Source data Start Marker

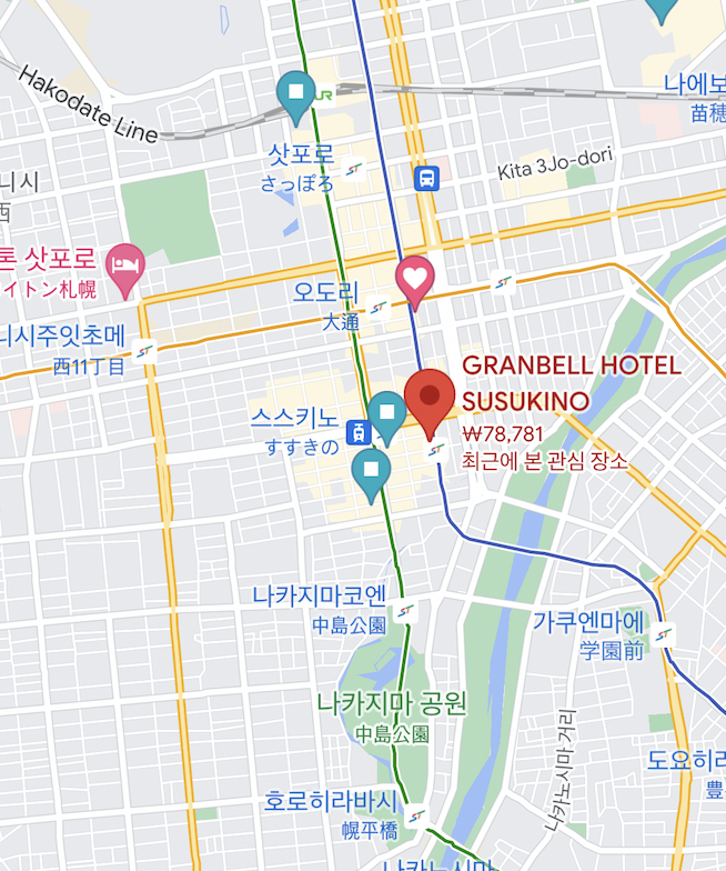 최근에 다녀온 삿포로에 2박 3일 여행에서 <그랑벨 호텔 스스키노>에서 지냈는데 아주 맘에 들어서 후기를 남겨보겠습니다.
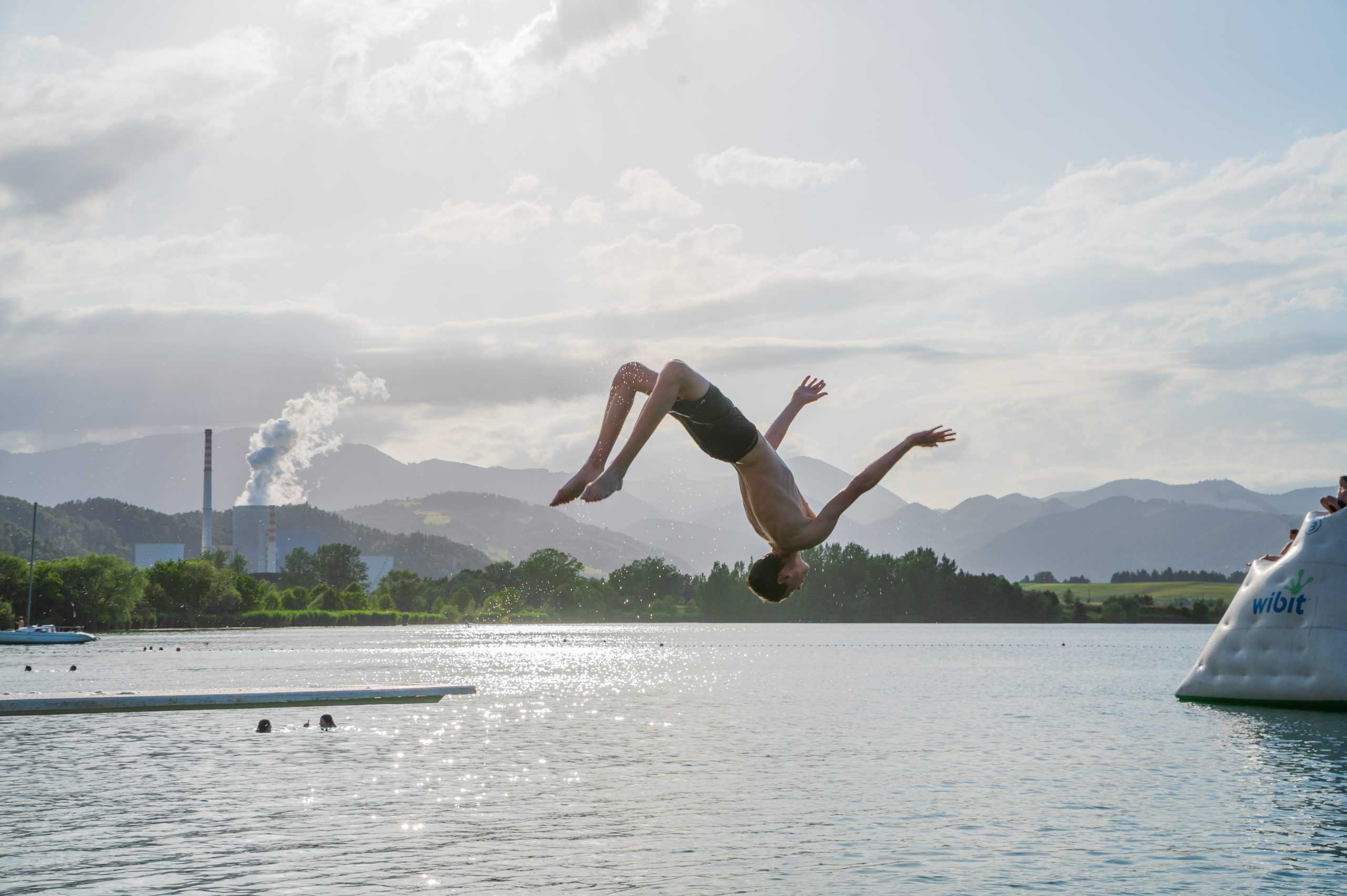 Veliko ljudi je zaplavalo in s pomola tudi dobesedno skočilo v poletje. Na vodi so bila postavljena tudi napihljiva igrala, katera so popestrila vodne aktivnosti.
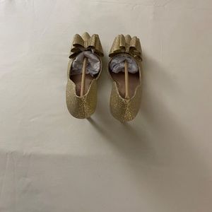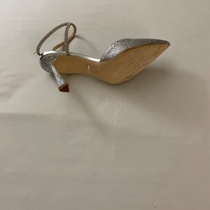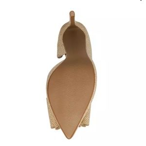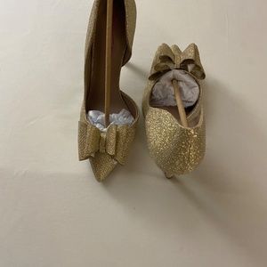 A gorgeously classic silhouette gets an interesting twist with a d'Orsay cut and a layered bow over the toe. Sparkling metallic fabric covers the Prince pumps from Betsey Johnson.
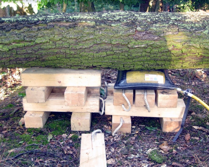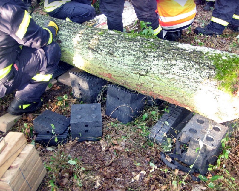 Die technische Rettung wurde vom Einsatzleiter vorgegeben und das erforderliche Fahrzeug so nah wie möglich an die Einsatzstelle befohlen, was in Waldgebieten teilweise sehr schwierig ist. Nachdem der Rettungsdienst den Verunfallten medizinisch versorgt hatte, begann die Feuerwehr mit der patientenschonenden Rettung. Hebekissen und Unterbaumaterial wurden umgehend zum Einsatz gebracht und nach ca. 15 Minuten war der Verunfallte befreit und konnte dem Rettungsdienst übergeben werden.

Source data End Marker

Exercise prompt: Print only the lines from the first line of the data above through the one containing "A gorgeously classic", exactly as they are, with pictures omitted.

Task solution:
 최근에 다녀온 삿포로에 2박 3일 여행에서 <그랑벨 호텔 스스키노>에서 지냈는데 아주 맘에 들어서 후기를 남겨보겠습니다.
 Veliko ljudi je zaplavalo in s pomola tudi dobesedno skočilo v poletje. Na vodi so bila postavljena tudi napihljiva igrala, katera so popestrila vodne aktivnosti.
 A gorgeously classic silhouette gets an interesting twist with a d'Orsay cut and a layered bow over the toe. Sparkling metallic fabric covers the Prince pumps from Betsey Johnson.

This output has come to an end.